Conjugate according to claim 2, characterized in that it is selected from the group consisting of: anti-trypsin, α ₁ -antichymotrypsin, inter-α-trypsin inhibitor, α ₂ -macroglobulin and anti-thrombin III. . 4. The conjugate according to any one of claims 1 to 3, wherein the chondroadherin moiety and the arthritic drug are joined using chemical crosslinking. 5. The conjugate according to any one of claims 1 to 3, which is a fusion protein containing a) chondroadherin or a collagen II-binding fragment thereof, and b) an arthritic drug substance. 6. A nucleic acid sequence encoding the fusion protein of claim 5. 7. The chondroadherin moiety comprises at least 10 consecutive amino acid residues from the amino acid sequence disclosed in FIG.

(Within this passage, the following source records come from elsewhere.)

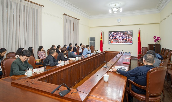 学校党院办、宣传部、国际交流中心、工会、学工部、团委、招就办等部门组织教师集中观看会议直播。学校离退休老干部,也十分关心关注党的十九大召开,早早的来到学校老干部活动室,全程收看了十九大开幕式。观看开幕式的老师都情绪振奋,纷纷表示要在今后的学习中进一步弘扬顽强拼搏、敢于攀登的精神,坚定信仰,把满腔热情转化为扎实的工作,把自身发展与国家的前途和命运紧密结合在一起,以更加昂扬向上的精神状态和奋发有为的工作作风投身于中国特色社会主义文化建设中。
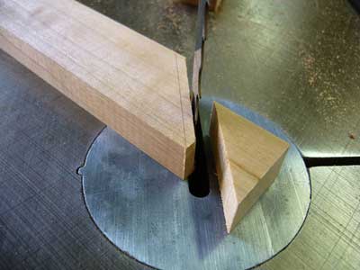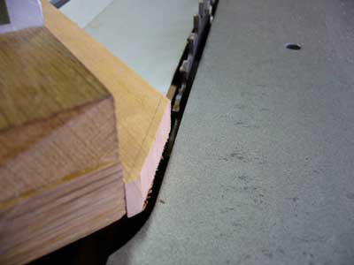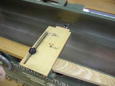 丸鋸盤のフェンスは材との摩擦を防ぐ意味でほんのわずか(50cmで0.5mmほど)先に向かって広げてセッティングしてあります。また、日本製の丸鋸盤では鋸刃といっしょに高さが変化できるような割り刃が備わっていないため、材を送る最後の方でコントロールが難しいのです。溝つき加工の失敗の多くは、送材後半のコントロールの甘さによるものです。それに対処して、フェンスに材を押さえつけるようなジグを使うことは、鋸刃との摩擦などの関係を充分に理解していないと、返って危険なこともあると考えています。
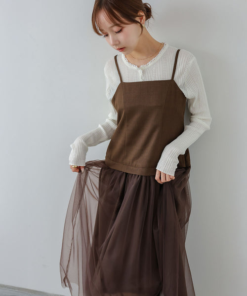 レイヤード風のデザインにチュールスカートを重ねた、華やかさ満点のキャミワンピース。ふんわり広がるチュールが軽やかに揺れ、歩くたびに女性らしい雰囲気を漂わせます。シンプルなトップスに重ねるだけでコーディネートが完成する存在感のある一枚です。S・M・Lの選べるサイズ展開で、体型や好みに合わせたシルエットが楽しめるのも嬉しいポイント。アイボリーは淡色コーデにやわらかな甘さをプラスし、チャコールは大人っぽく上品な印象に、ブラウンは落ち着きとクラシカルさを引き立てます。オンオフ問わず活躍する、主役級アイテムです。
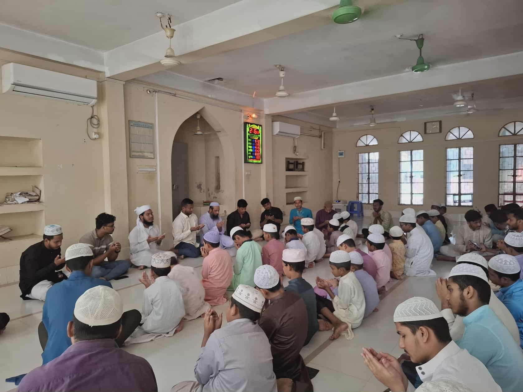 শুক্রবার (১৭ অক্টোবর) বাদ জুম্মা বিশ্ববিদ্যালয়ের উত্তর মোড়ে জামিয়া মোহাম্মদিয়া তা’লিমুল কুরআন মাদ্রাসায় (পাকিস্তানি মসজিদ) এই দোয়া ও মিলাদের আয়োজন করা হয়।
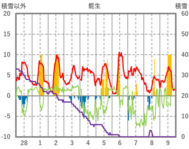 | 日 | 時 | 気温 | 降水 | 風向/風速 | 日照 | 積雪 | 降雪 |
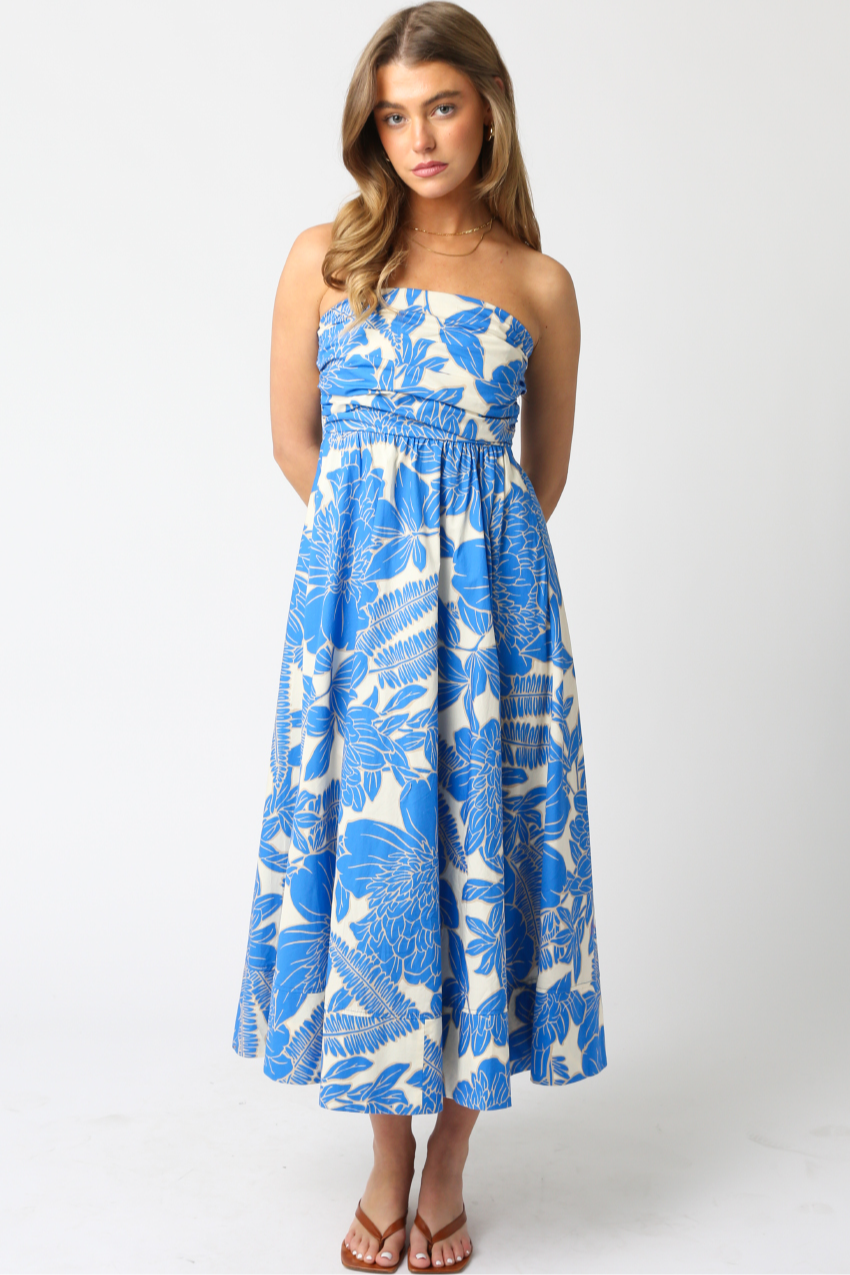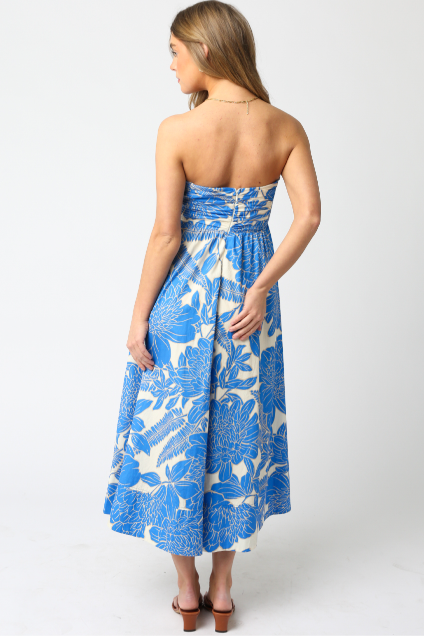 This strapless printed maxi dress screams warm weather and this dress. From occasions to a casual outing this dress fits the bill. Pair with wedge shoes or sandals.
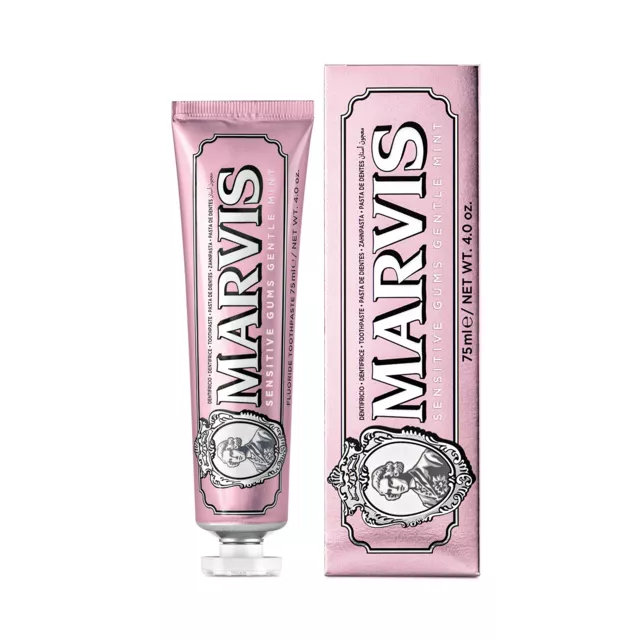 Спеціально розроблена для чутливих ясен, зубна паста Marvis поєднує в собі неперевершений аромат, ніжну текстуру та ефективну формулу. Абсолютно нова формула, яка забезпечує відмінну гігієну порожнини рота, делікатно очищає і надає догляд за чутливими яснами завдяки спеціальним активним компонентам: гіалуронової кислоти і пребіотикам. Гіалуронова кислота - зволожує, захищає і надає загальнозміцнюючу дію. Пребіотики заспокоюють ясна, сприяють більш швидкій регенерації тканин. Крім того, ефективність формули посилюється наявністю компонента Алантоїн, який сприяє загоєнню ясен і зменшує їх кровоточивість. Фтор 0,25% протидіє карієсу і утворенню нальоту. В результаті спостерігається помітне полегшення і зменшення кровоточивості ясен вже після першого використання.
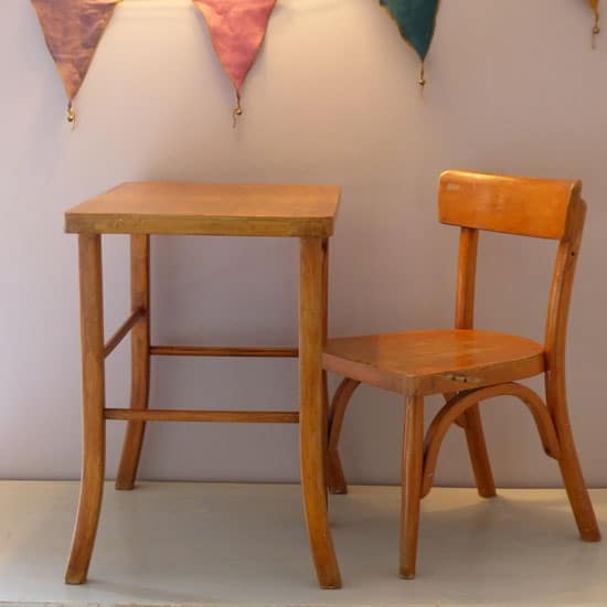 Vendue avec le bureau d’écolier qui lui est associé, cette chaise ravira les amateurs de vintage !

The joined body according to any one of 5 above. 8. The joined body according to any one of claims 1 to 5 or 7 for medical use. 9. Use of the conjugate according to claim 8 for preparing a pharmaceutical composition for treating and / or alleviating the symptoms of arthritis, for example rheumatoid and rheumatoid arthritis. 10. A pharmaceutical composition comprising a conjugate according to any one of claims 1-5 or 7 in combination with a pharmaceutically acceptable carrier.